[Given information — start]

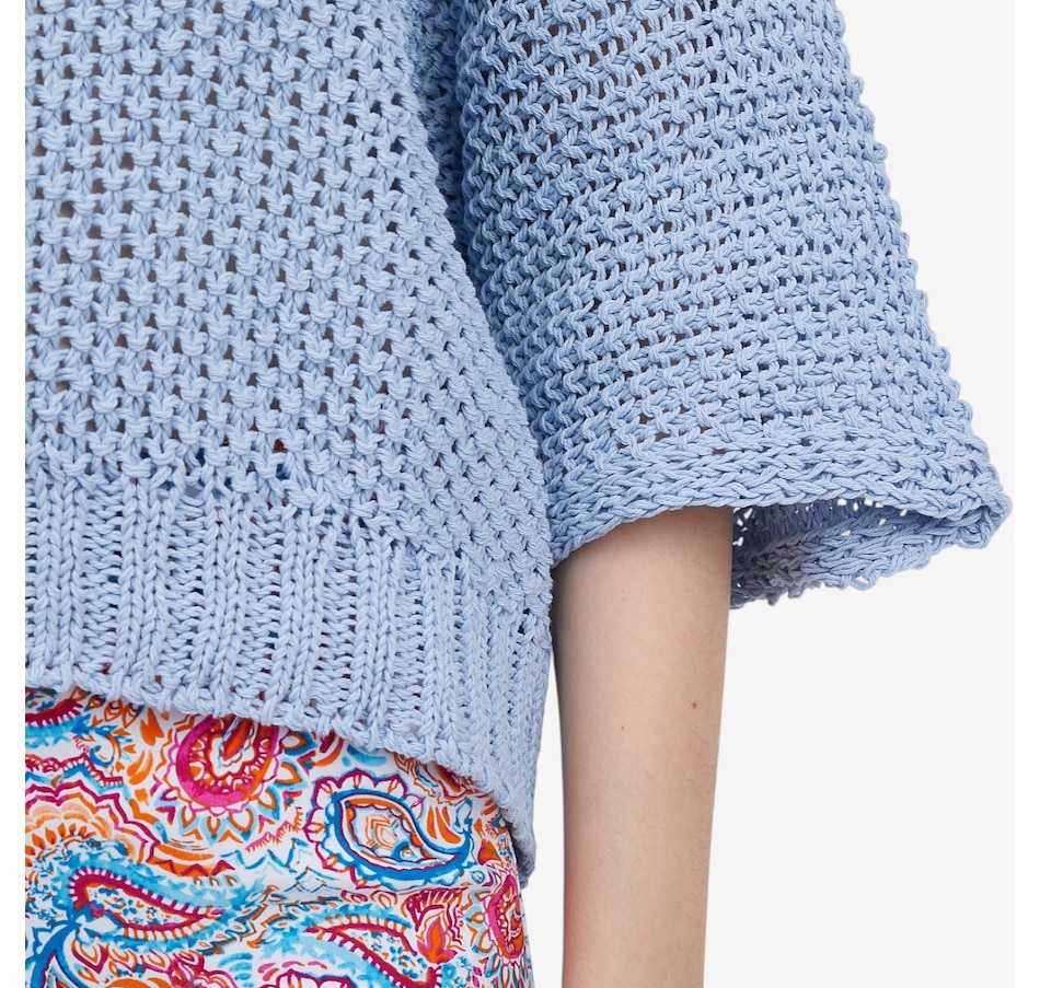 Embrace sunny‑day style with the Meadow’s round neck cropped crochet sweater, the ideal lightweight layer for warm, breezy days. This easy‑to‑wear knit blends airy breathability with bright, bold colours and a playful crochet design that instantly elevates your look. The cropped silhouette offers just‑right coverage, creating an effortless, relaxed vibe that’s ideal for beach strolls, patio brunches, and every sunny adventure in between.
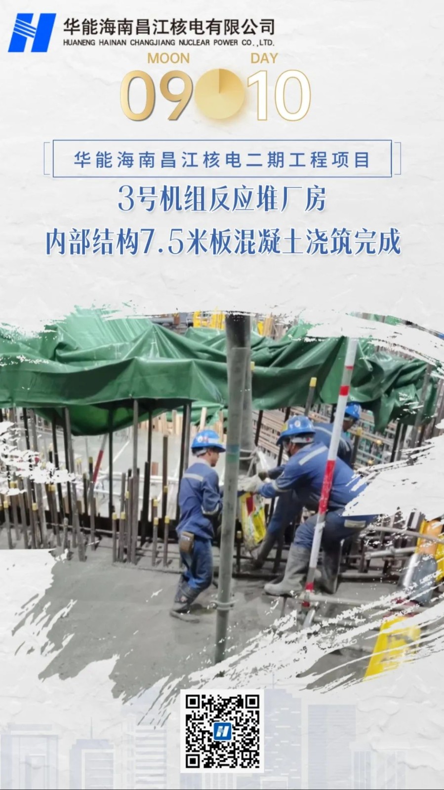 2022年,华能海南昌江核电3号机组反应堆厂房内部结构7.5米板混凝土浇筑完成,本层楼板分8段施工,共浇筑混凝土670立方米,持续浇筑时长30小时。本次浇筑完成后标志着3号机组反应堆厂房7.5米板圆满完成。
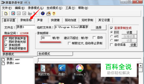 接着我们要进行设置过。 这里,我们要勾选“录制视频”和“同时录制声音”。软件推荐的帧速率为15-20,但是经我实际测试,30帧/秒可以得到比较流畅的画质,所以这里我们设置成30,也无需再高了。注意把帧率后面的“自动”去掉。另外还需要设置“录制文件夹”,也就是录制过程的缓存和录好的文件保存的地方,要选一个足够大的文件夹,并且不要在C盘。

[Given information — finish]

- _Work request_
Without including any images, output the data exactly as given.

- _Your response_
 Embrace sunny‑day style with the Meadow’s round neck cropped crochet sweater, the ideal lightweight layer for warm, breezy days. This easy‑to‑wear knit blends airy breathability with bright, bold colours and a playful crochet design that instantly elevates your look. The cropped silhouette offers just‑right coverage, creating an effortless, relaxed vibe that’s ideal for beach strolls, patio brunches, and every sunny adventure in between.
 2022年,华能海南昌江核电3号机组反应堆厂房内部结构7.5米板混凝土浇筑完成,本层楼板分8段施工,共浇筑混凝土670立方米,持续浇筑时长30小时。本次浇筑完成后标志着3号机组反应堆厂房7.5米板圆满完成。
 接着我们要进行设置过。 这里,我们要勾选“录制视频”和“同时录制声音”。软件推荐的帧速率为15-20,但是经我实际测试,30帧/秒可以得到比较流畅的画质,所以这里我们设置成30,也无需再高了。注意把帧率后面的“自动”去掉。另外还需要设置“录制文件夹”,也就是录制过程的缓存和录好的文件保存的地方,要选一个足够大的文件夹,并且不要在C盘。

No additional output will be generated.